Overwrought, overlong, and morally dubious, Tell Me Your Secrets is a forced, sleazy thriller with all the ridiculousness and depth of a daytime soap opera. It’s a series that so desperately wants to appear edgy, serious, and boundary pushing that it forgets almost any sense of craft and intelligence. If I’m wrong that series creator Harriet Warner’s show is meant to be taken seriously, and Tell Me Your Secrets is secretly a work of high camp, that’s even worse. Even on a “so bad it’s good” level, Tell Me Your Secrets is too nasty, morally repugnant, and painfully convoluted for this to be any fun. It fails to thrill. It fails to move. It fails to be ironically watchable. It fails to even induce anger outside of how shockingly bad it is. It just plain fails.
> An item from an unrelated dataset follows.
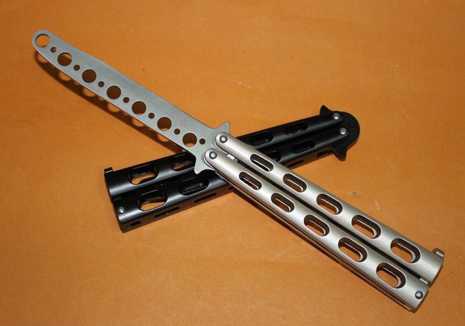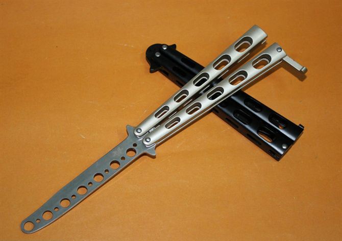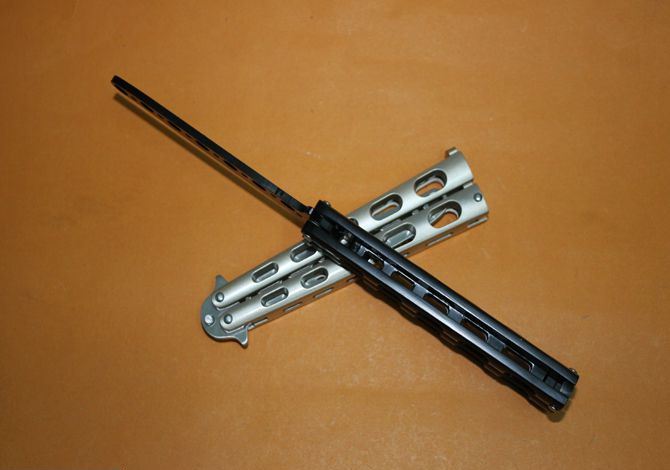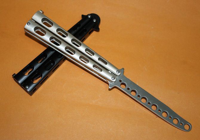 蝴蝶C33训练甩刀(黑色.银色) 全长:23CM(打开) 刃长:10CM 刃厚: 0.3CM 刃材料:440C 硬度:55-57 净重:120克

Karen Miller (Lily Rabe) has just been released from a Texas prison for her role in a murder spree conducted by her serial killer ex-boyfriend, Kit Parker (Xavier Samuel). Karen has moved on from Kit, showed remorse, and with the help of her shrink (Enrique Murciano), she’s ready to start a new life in the sleepy bayou community of St. James, Louisiana under her new name, Emma Hall. Haunted by memories of the past and as the result of someone gaslighting her, Karen gets unwittingly caught up in the small town’s history of missing and murdered young women. Because of her past, Karen becomes a target and suspect in crimes she never took part in. But there are bigger troubles on the horizon in the form of Mary Barlow (Amy Brenneman), a mother of a young woman who went missing and was presumed to be one of Kit and Karen’s victims. Seven years after her daughter Theresa (Stella Barlow) disappeared and can now be considered legally dead by authorities, Mary has become more determined than ever to get to the bottom of things. Mary is so determined that she hires a recently released serial rapist looking to go straight, named John Tyler (Hamish Linklater), to find Karen and bring her back to Texas for some personal questioning.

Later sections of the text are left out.